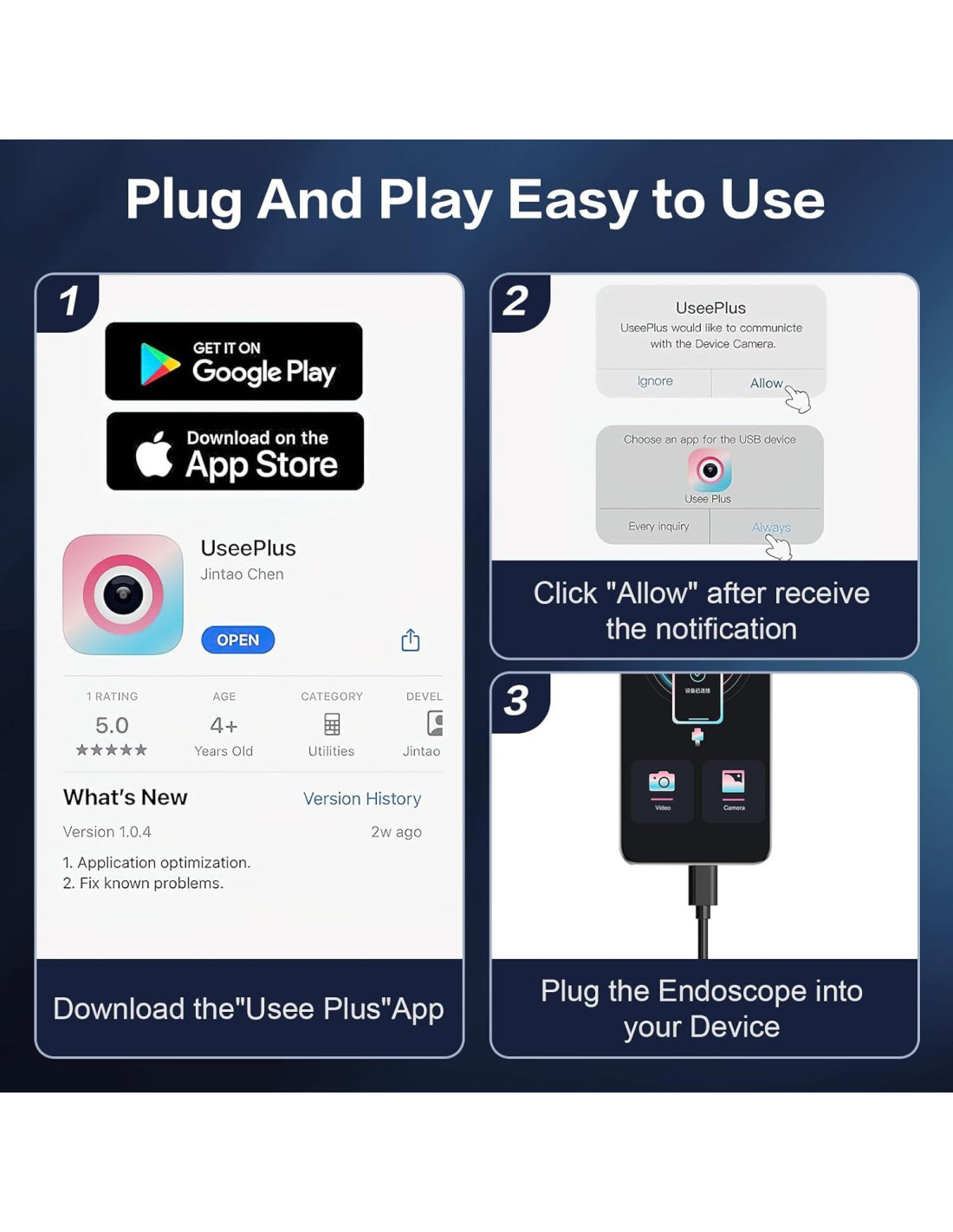 - Conexión Fácil: Esta cámara de inspección borescope se puede conectar fácil y rápidamente con dispositivos IOS 9.0+/Type C a través de la interfaz. Busca 'USEEPLUS' en la tienda de aplicaciones o escanea el código QR para descargar la APP. Con operaciones simples, puedes ver imágenes en tiempo real en la pantalla. Gadgets geniales para hombres.
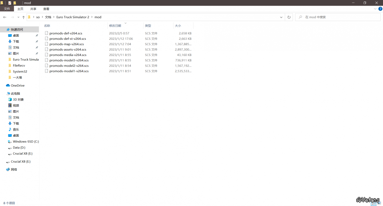 mod文件夹路径不对,点这个文档,然后进入Euro Truck Simulator 2,进入mod文件夹,把文件放到那里去
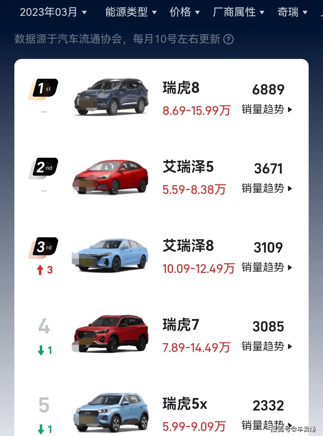 车卖场查了一下第三方销量统计数据,奇瑞汽车今年前三个月每个月全系车销量加起来也就两万左右,连比亚迪海豚一款车单月的销量都不及,所以奇瑞还有什么可吹的呢?
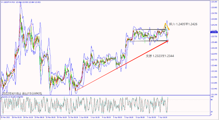 日级别线图,近两日在1.2400关口下方震荡,一旦跌破5日均线,可能转跌;15分钟K线,昨天出现假突破盘整顶部,盘整底部若掼破,大有可能下探支撑。
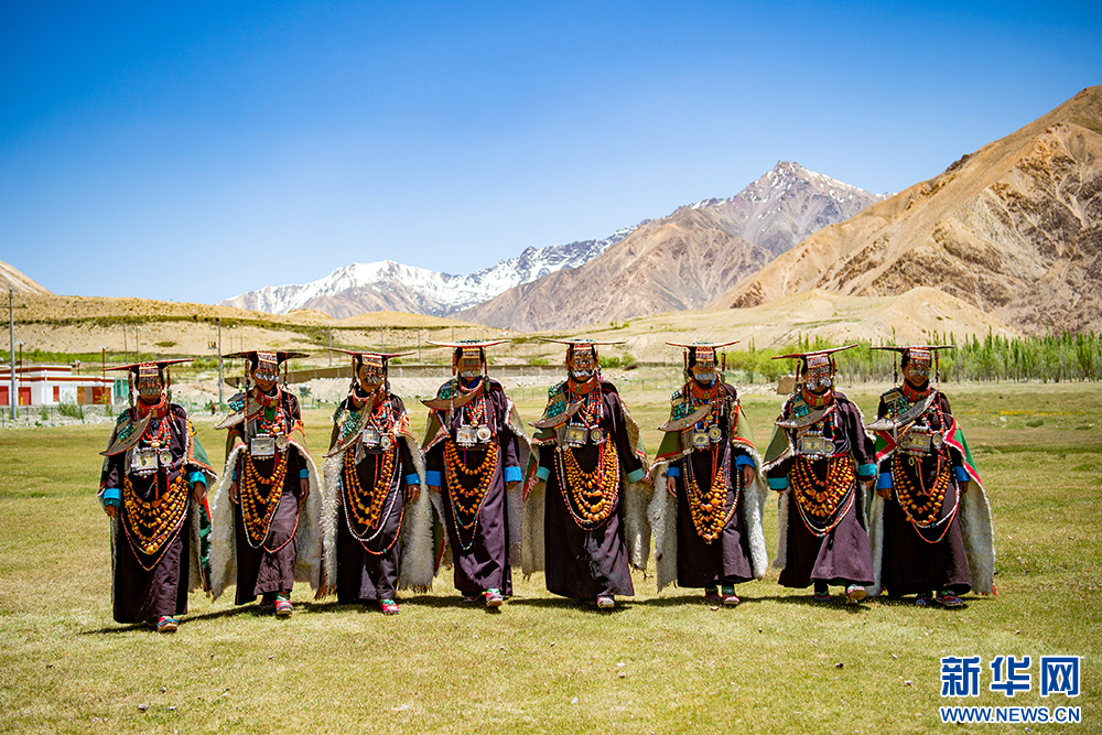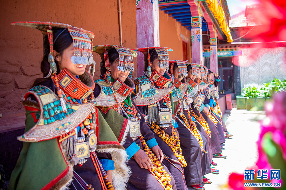 身著“普蘭服飾”的普蘭縣科迦村村民(6月10日攝)?!捌仗m服飾”,主要由袍子、披風、頭飾、項鏈、腰帶、耳墜、靴子組成。其中最精美、最獨特的為婦女服飾,外形設計如同孔雀開屏,被譽為“孔雀”服飾,一套重達20多公斤,裝飾有黃金、白銀、蜜蠟、珊瑚、綠松石等。新華網 旦增努布 攝
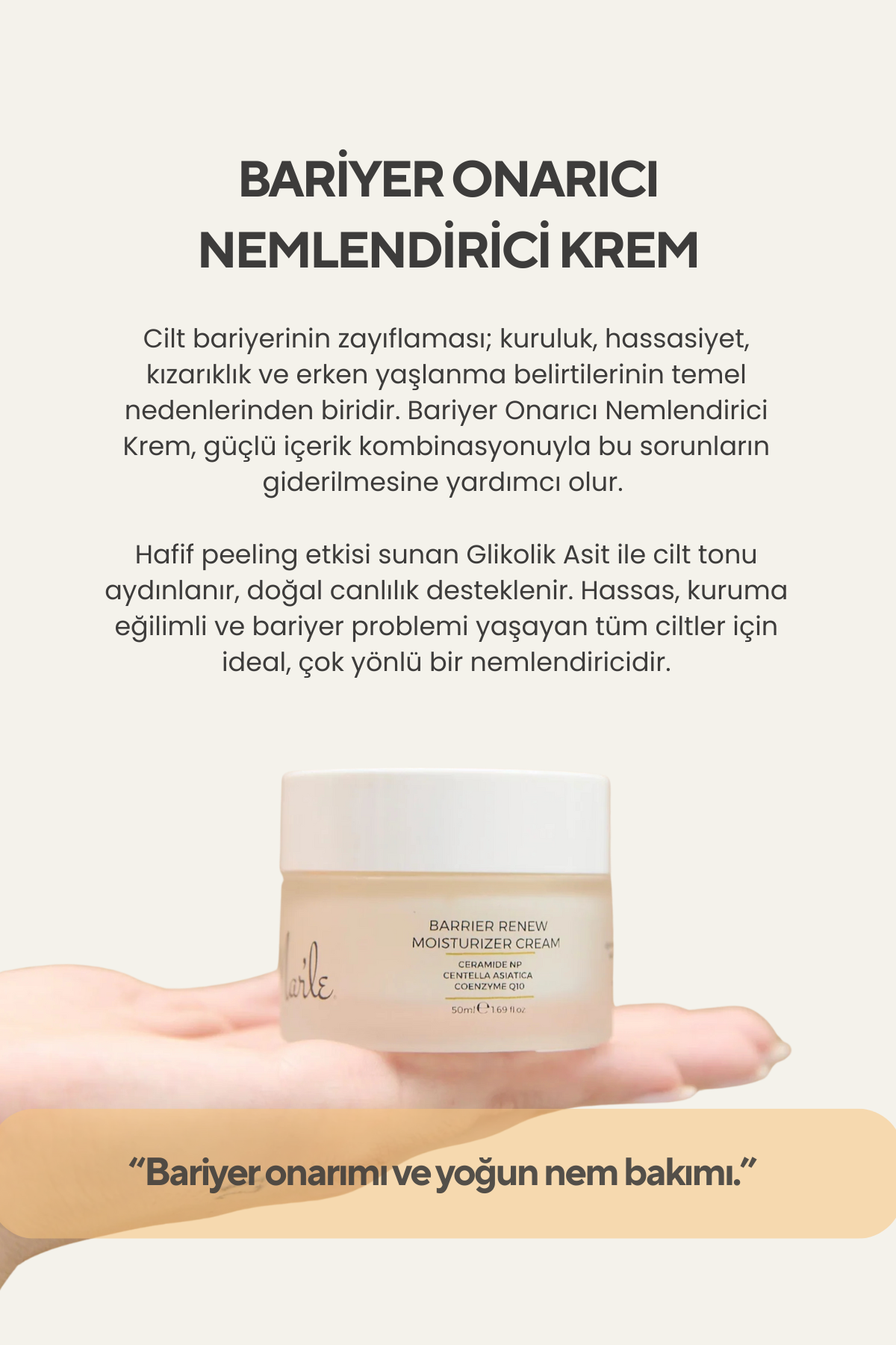 Cilt bariyerinin zayıflaması; kuruluk, hassasiyet, kızarıklık ve erken yaşlanma belirtilerinin temel nedenlerinden biridir. Bariyer Onarıcı Nemlendirici Krem, güçlü içerik kombinasyonuyla bu sorunların giderilmesine yardımcı olur. Seramid ve Centella Asiatica Özü, cilt bariyerini yeniden yapılandırırken tahriş ve kızarıklığı yatıştırır. Beta-Glukan, Hyaluronik Asit ve Panthenol cilde yoğun nem kazandırır, elastikiyetini artırır ve derinlemesine onarır. Üzüm Çekirdeği Yağı, Jojoba Yağı ve Koenzim Q10 gibi antioksidan ve besleyici içerikler sayesinde cilt yaşlanma belirtilerine karşı korunur; daha pürüzsüz ve sağlıklı bir görünüme kavuşur. Hafif peeling etkisi sunan Glikolik Asit ile cilt tonu aydınlanır, doğal canlılık desteklenir. Hassas, kuruma eğilimli ve bariyer problemi yaşayan tüm ciltler için ideal, çok yönlü bir nemlendiricidir.
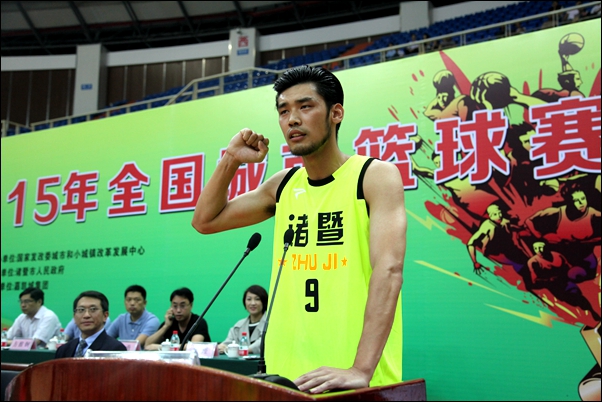 本网讯 5月23日下午,2015年全国城市篮球赛开幕式在威廉希尔官网体育馆隆重开幕。国家发改委城市和小城镇改革发展中心主任李铁宣布开幕,省篮协主席楼国华为揭幕战开球,诸暨市市长徐良平在开幕式上致辞。诸暨市领导徐仙苗、俞越、王培光,学院领导石道金、寿韬参加开幕式。
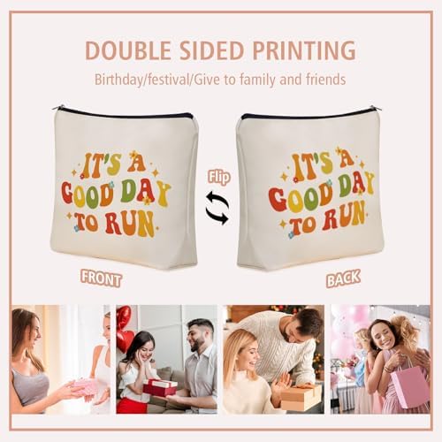 Running Christmas Gifts Makeup Bag: Cute Cosmetic & Toiletry Pouch It's a Good Day To Run For Girls & Womens Runner, Nieces, Girlfriends, Mom, Coworkers.Ideal Gift for Travel, Birthday
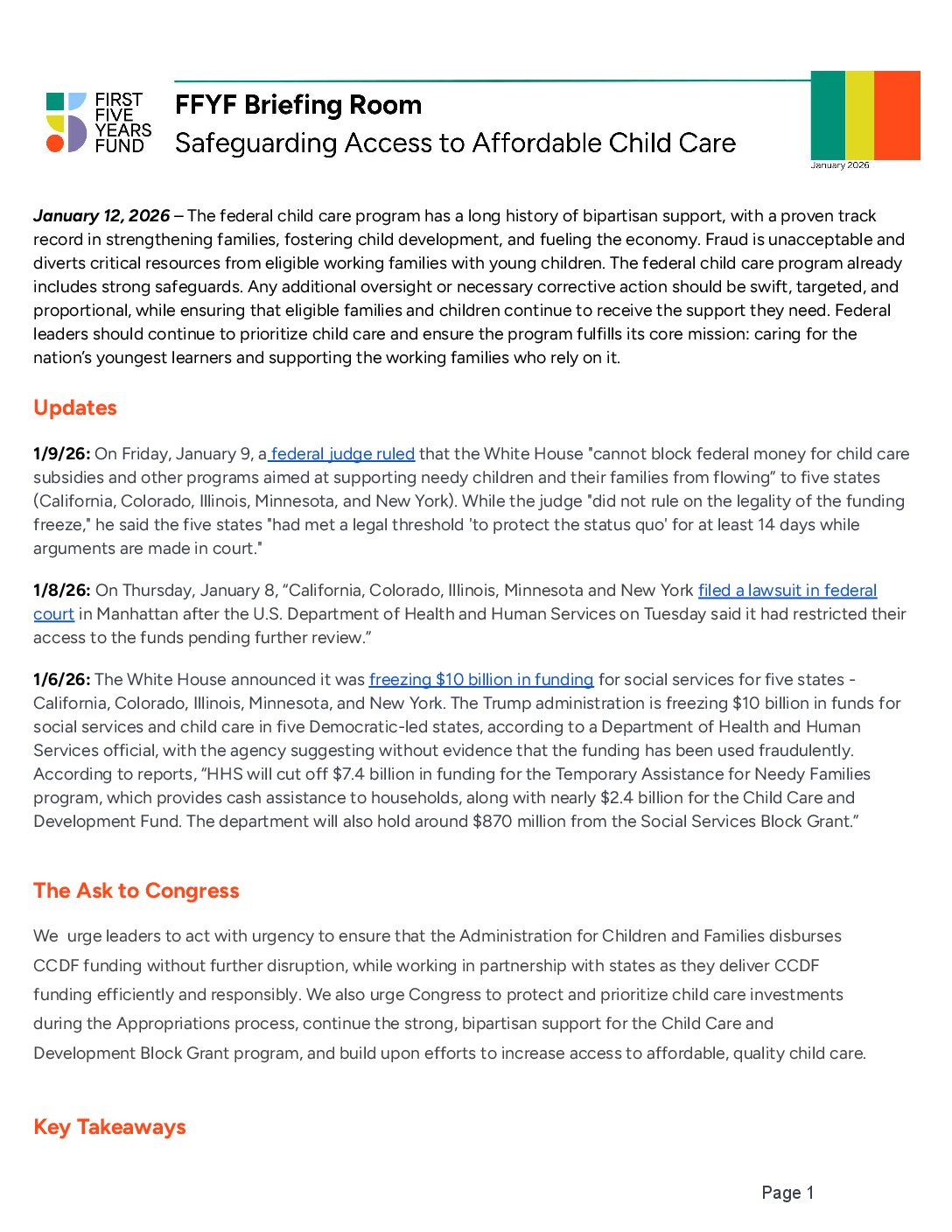 1/9/26: On Friday, January 9, a federal judge ruled that the White House “cannot block federal money for child care subsidies and other programs aimed at supporting needy children and their families from flowing” to five states (California, Colorado, Illinois, Minnesota, and New York). While the judge “did not rule on the legality of the funding freeze,” he said the five states “had met a legal threshold ‘to protect the status quo’ for at least 14 days while arguments are made in court.”
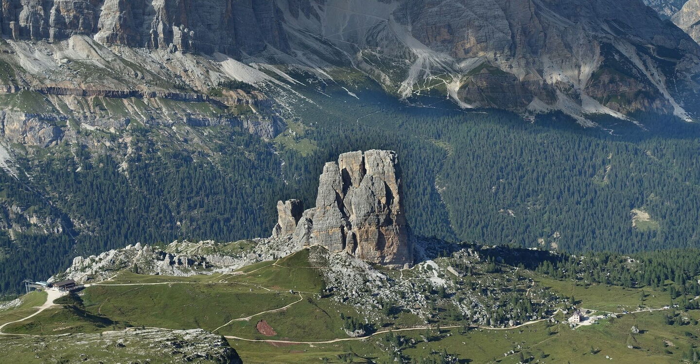 Sobald wir wieder Bergwiesen erreichen, wird der Pfad zum breiten Wanderweg. Vor einem großen Haus mündet von scharf links der Wanderweg 444 in den unsrigen. Dieser kommt vom Rifugio Cinque Torri und dem Klettersteig Via Ferrata Ra Gusela (Wanderweg 438). Auf dem breiten Wanderweg geht es bequem zum 05 Passo Giau (2.236 m) mit dem gleichnamigen Berggasthof.
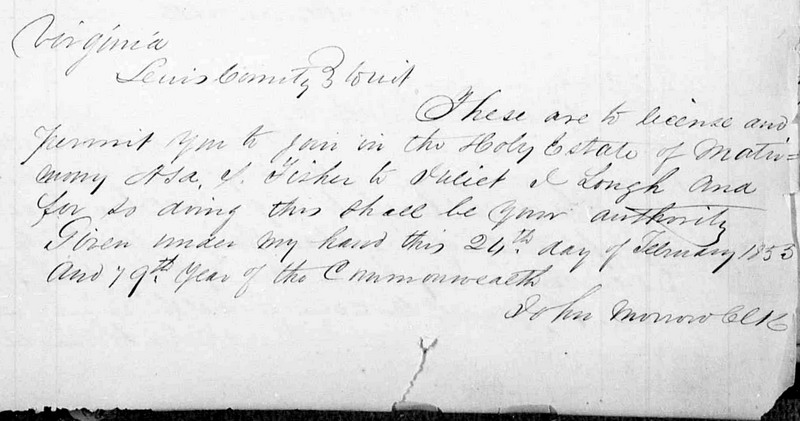 Wife: Juliet J. Lough 10 Also known as: Juliet J. Lowe 11 Married: Feb- -1855 in Lewis Co, (W)VA 12
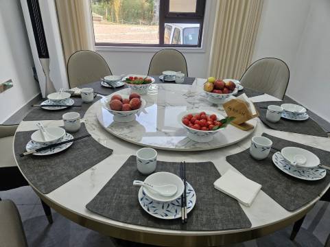 民宿位于桐柏县程湾禺峰野茶园(黑明寺)是一家集聚文化民宿、特色中餐、农耕体验、自然教育、户外娱乐为一体的田园民宿综合体。,民宿设餐厅山海20人台、福泉10人台,休闲茶室、棋牌、乡村特色中餐、下沉式互动空间、露天烧烤、茶博馆及茶品售卖等配套,满足不同客户的需求。项目周边有野生茶园、垂钓体验平台、自然教育区、登山徒步线路、户外露营烧烤区、手工体验等多种体互动体验区域。
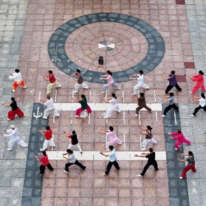 8月8日,山東省臨沂市臨沭縣文化廣場(chǎng)太極團隊在文化廣場(chǎng)展示太極拳。
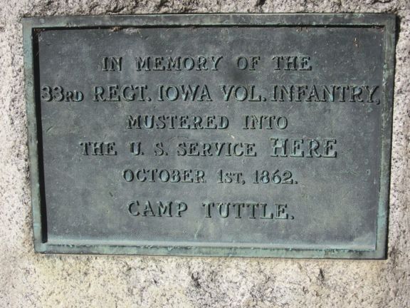 This memorial marks the spot of the muster of the 33rd Iowa Infantry Regiment in 1862. This is a bronze plaque on a boulder. It is in the NW part of town on the Southern Iowa Fairgrounds on the corner of N I Street and G Ave. W. The monument is visible on the right shortly after entering the main gate of the Fairgrounds. There is a reference to Camp Tuttle. This was a Civil War training camp in Oskaloosa. Photos taken 10/9/17.

→ TRY IT: Output, exactly and with no pictures, every line from the one that contains "民宿位于桐柏县程湾禺峰野茶园" through the final line of the entries.

→ OUTPUT OF THE TASK:
 民宿位于桐柏县程湾禺峰野茶园(黑明寺)是一家集聚文化民宿、特色中餐、农耕体验、自然教育、户外娱乐为一体的田园民宿综合体。,民宿设餐厅山海20人台、福泉10人台,休闲茶室、棋牌、乡村特色中餐、下沉式互动空间、露天烧烤、茶博馆及茶品售卖等配套,满足不同客户的需求。项目周边有野生茶园、垂钓体验平台、自然教育区、登山徒步线路、户外露营烧烤区、手工体验等多种体互动体验区域。
 8月8日,山東省臨沂市臨沭縣文化廣場(chǎng)太極團隊在文化廣場(chǎng)展示太極拳。
 This memorial marks the spot of the muster of the 33rd Iowa Infantry Regiment in 1862. This is a bronze plaque on a boulder. It is in the NW part of town on the Southern Iowa Fairgrounds on the corner of N I Street and G Ave. W. The monument is visible on the right shortly after entering the main gate of the Fairgrounds. There is a reference to Camp Tuttle. This was a Civil War training camp in Oskaloosa. Photos taken 10/9/17.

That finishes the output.